Trail fee idea gets no takers
Tradition, law cited as hurdles
ADIRONDACKS For more than a century, the Adirondack Park has remained free of entrance gates and admission fees.
With a land mass larger than several New England states, the park remains the largest publicly protected area in the contiguous United States. The sprawling 6.1 million acre preserve — 2.6 million acres of which is owned by the state — has offered outdoor recreation, work and inspiration to residents and visitors.
But with the ongoing fiscal woes of the state and its localities, at least one town supervisor in the preserve is suggesting this should change. Charlie Harrington, the supervisor of the small Essex County town of Crown Point, proposes devising a method to charge hikers a nominal fee for using public trails.
The Republican pitched the idea during a meeting of the Essex County Board of Supervisors this week. With the county facing yet another tough budget year, Harrington suggested the state look into using modern technology to generate fee revenue.
“It’s just an idea and a thought,” he said Friday, acknowledging the idea was met with little support from his fellow supervisors. “Certainly, the state is always looking for tax money and this might be a possible avenue they’d like to explore. ”
Fees are certainly nothing new for outdoor activities throughout the state. Some state boat launches charge for parking, while both hunters and fishermen are assessed license fees.
The notion of charging to use the trailheads is one that hasn’t been discussed in any depth, partially because the concept is very unpopular. And more specifically, the state has a mandate to keep the Adirondack Park free.
State conservation law specifically indicates the park will remain free for the enjoyment of the public. And absent legislative action, DEC spokeswoman Lisa King doesn’t anticipate any changes to the law.
“DEC is not considering imposing a fee on hikers,” she stated in an email Friday. “State law is clear that access should be free to the public.”

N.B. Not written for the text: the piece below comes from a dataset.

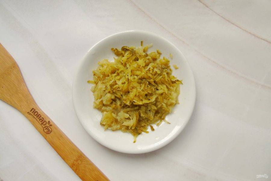 Маринованные огурцы натрите на терке и хорошо отожмите от рассола.
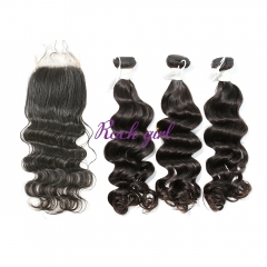 #1b Brazilian Virgin Human Hair Weft with 4x4 Closure Body Wave

Even if state legislators did raise the issue, they’re not likely to get much support from constituents living in the Adirondacks. Michael Consuelo, the executive director of the Lake George Chamber of Commerce, said he couldn’t envision having to pay any fee to hike Prospect Mountain, a popular trail that connects to the village.

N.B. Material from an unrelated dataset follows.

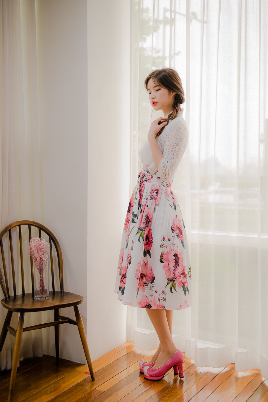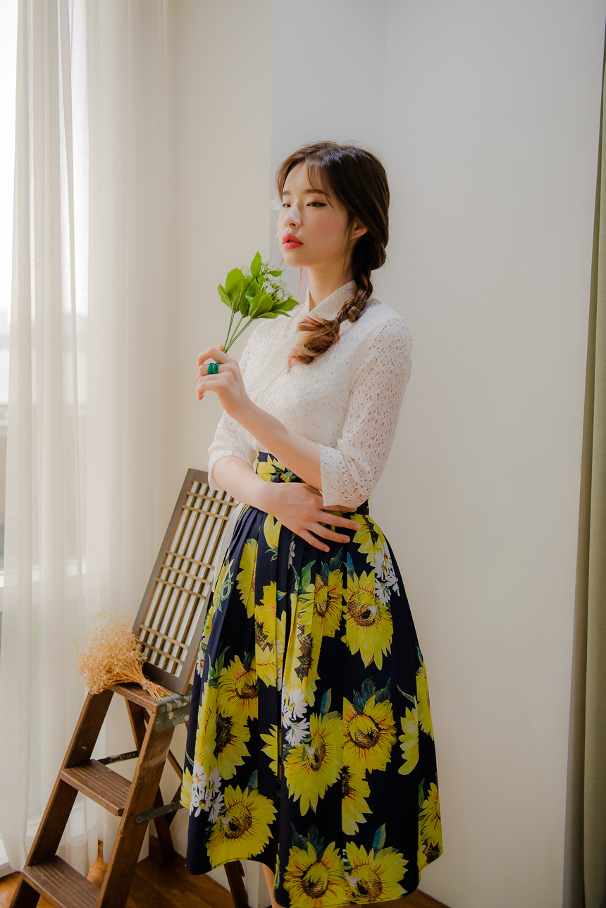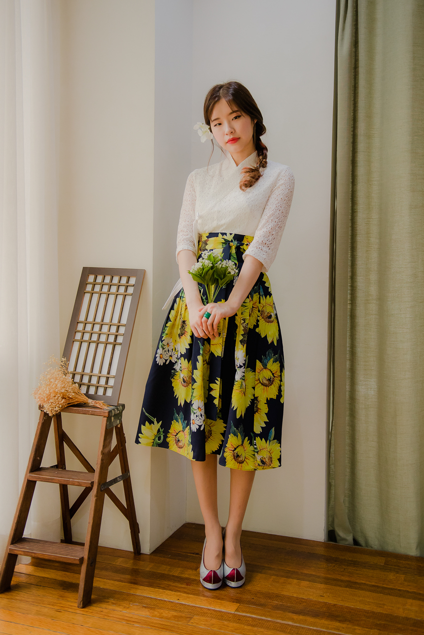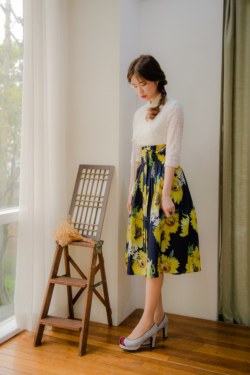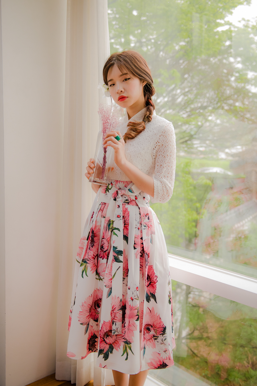 사랑스럽고 여성스러운 니팅레이스 원단의 장점과 한복이 가진 디테일을 살리면서

“Boy, I feel it’d be a shame to tell people they’d have to pay to see this foliage,” he said Friday. Consuelo also sees the trails as an economic driver for many Adirondack communities. He said the crowds the public trail heads draw throughout the year ultimately spend money in the surrounding businesses.
“I don’t think it’s a good idea,” he said.
Neil Woodworth, the executive director of the Adirondack Mountain Club, echoed this skepticism. He said many hikers in the Adirondacks already contribute more than their fair share to protect the park system.
“Our members pay not only significant amounts of property tax, but also they contribute thousands of hours a year of voluntary trail work,” he said.
Woodworth also questioned the logistics of charging hikers, especially since the preserve is a patchwork of public and private lands. He said charging only the people who live outside the park wouldn’t be fair, but assessing a fee to the people who support the preserve seems wrong.
“Just who would you charge?” he asked. “Everybody in the Adirondacks who walks in their backyard?”
Harrington said he didn’t intend to stir ire with his proposal and reiterated that he doesn’t believe it will go very far — especially given the outpouring of negative comments he’s gotten since mentioning it. Still, he believes the discussion he’s started is one that could help generate ideas and perhaps one that will help lower the tax burden many residents in the Adirondack Park are facing.
“I guess I’ve opened up somewhat of a Pandora’s box,” he said. “Its just something we should explore.”